*** Opening Data for review ***

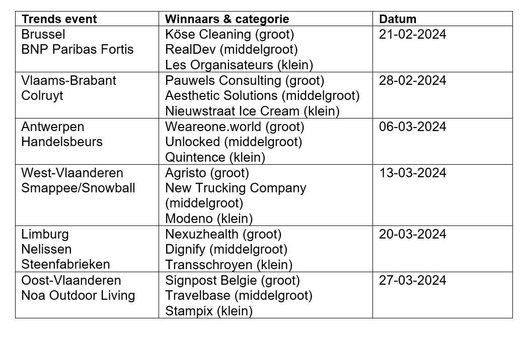 Het overzicht van de winnaars per regionaal event wordt na ieder evenement geüpdatet om de voortdurende groei en prestaties van deze inspirerende bedrijven te volgen.
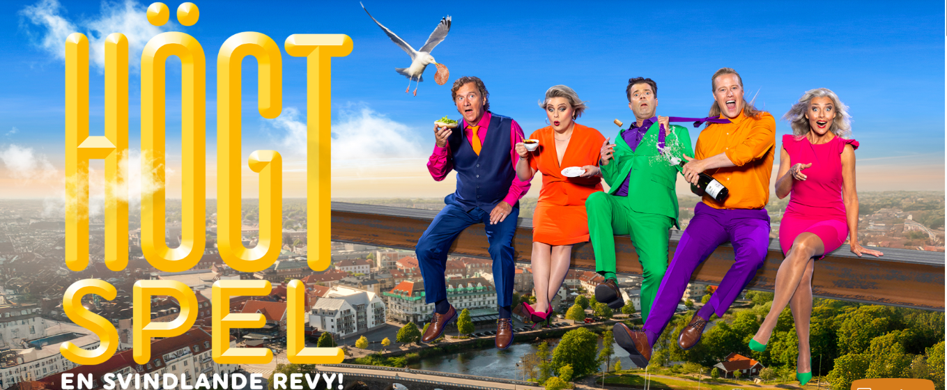 Falkenbergsrevyn driver med vår samtid och gör det med humor av både finess och klass i nya revyn Högt Spel – en svindlande revy. Nya revyn är starkt kopplad till att det är många som spelar högt världen över vilka mår bäst av att tas med en komisk klackspark. Världen blir inte roligare än vi gör den.
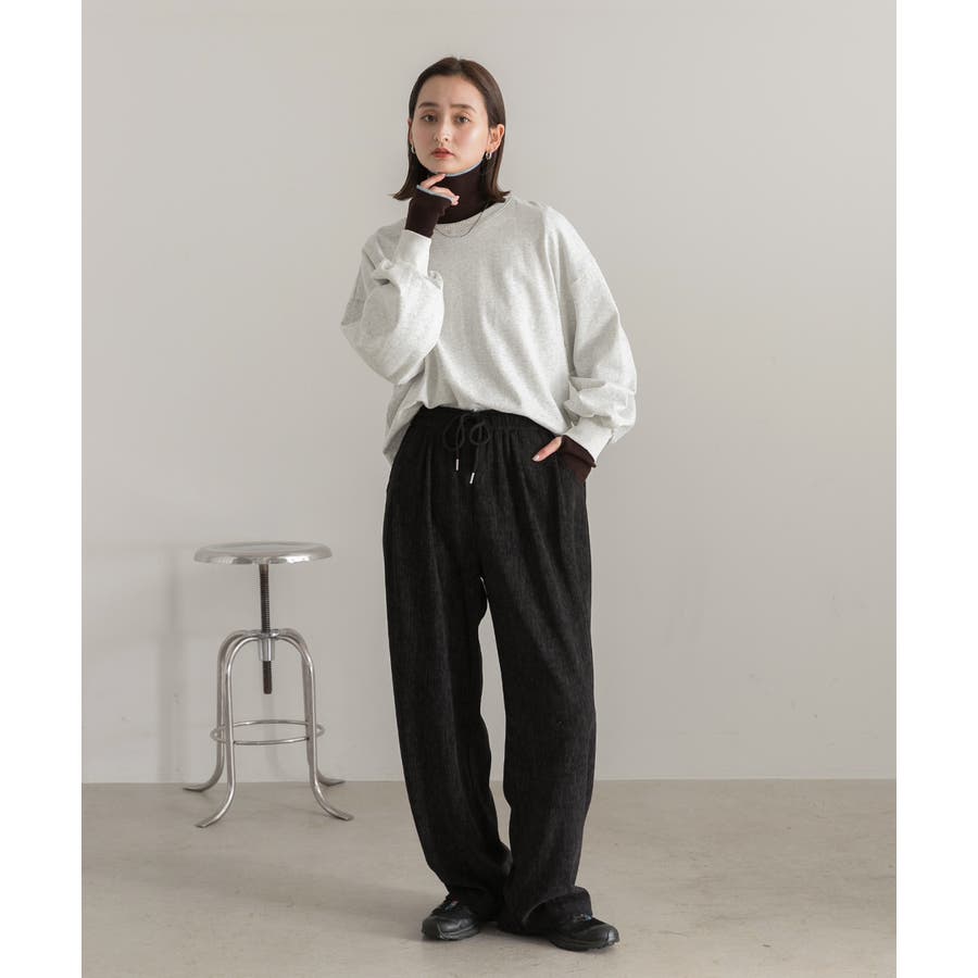 合わせるアイテム次第で、様々な表情を見せてくれるので1着あるとコーデの幅が広がるパンツです。
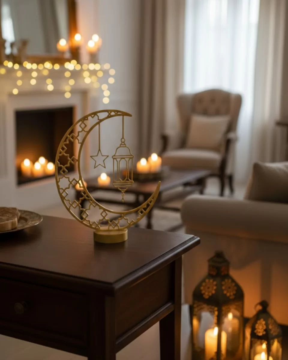 3D Hilal Cami Dekor 20×20 cm Özel Baskı Masa Üstü Süs
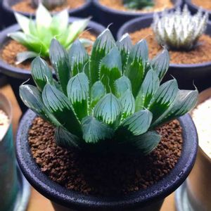 ハオルチア 朝日だけ当たるとこに置いていたけど透明感がなくなってきたので室内へ避難🏃🐤 猫が居るのでチキンネットかぶせてガード🐱😼
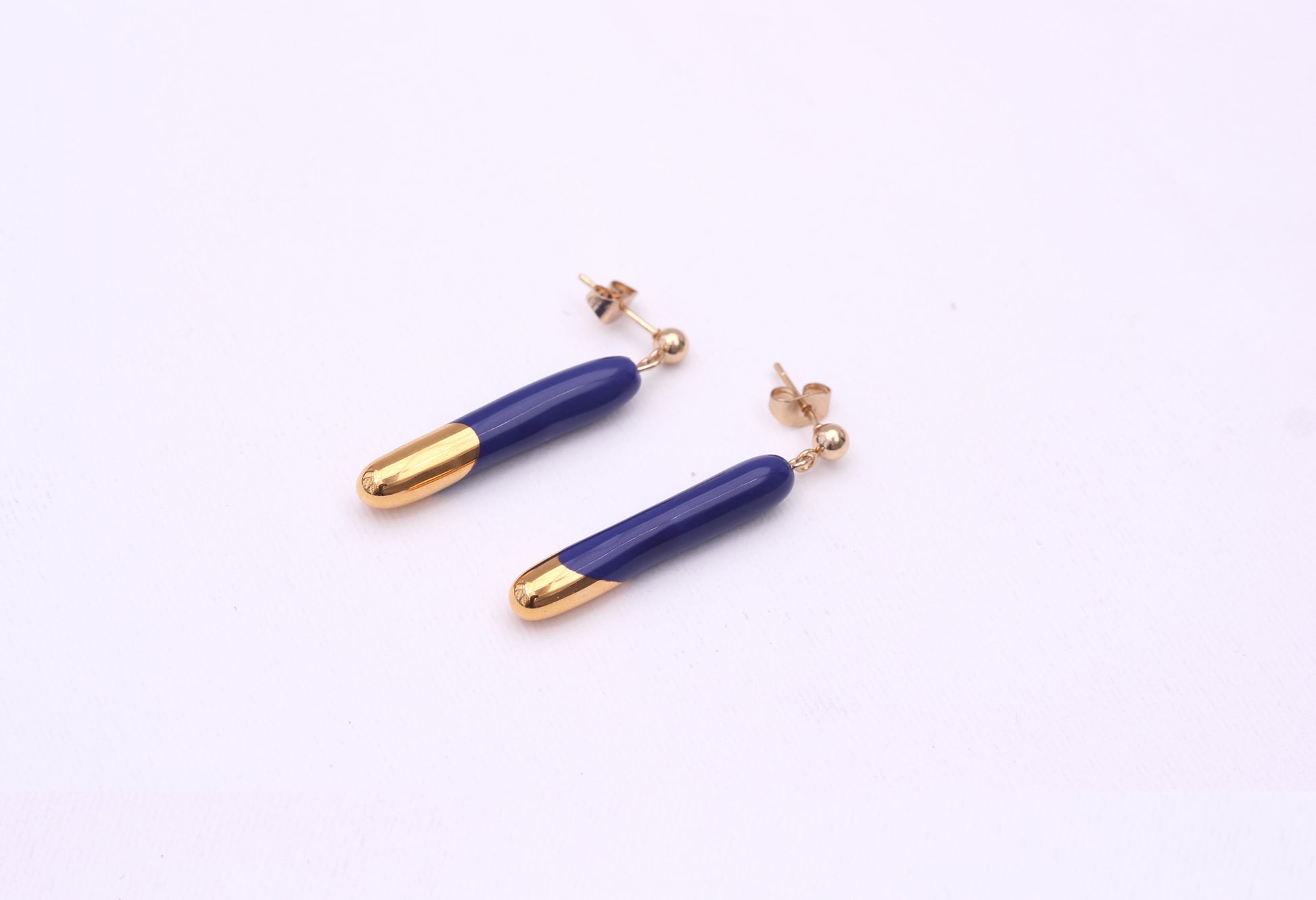 Handmade gold plated earrings, blue, gold

*** Closing Data for review ***

What to produce. Reproduce the lines above letter for letter. The pictures stay behind.

Solution below.
 Het overzicht van de winnaars per regionaal event wordt na ieder evenement geüpdatet om de voortdurende groei en prestaties van deze inspirerende bedrijven te volgen.
 Falkenbergsrevyn driver med vår samtid och gör det med humor av både finess och klass i nya revyn Högt Spel – en svindlande revy. Nya revyn är starkt kopplad till att det är många som spelar högt världen över vilka mår bäst av att tas med en komisk klackspark. Världen blir inte roligare än vi gör den.
 合わせるアイテム次第で、様々な表情を見せてくれるので1着あるとコーデの幅が広がるパンツです。
 3D Hilal Cami Dekor 20×20 cm Özel Baskı Masa Üstü Süs
 ハオルチア 朝日だけ当たるとこに置いていたけど透明感がなくなってきたので室内へ避難🏃🐤 猫が居るのでチキンネットかぶせてガード🐱😼
 Handmade gold plated earrings, blue, gold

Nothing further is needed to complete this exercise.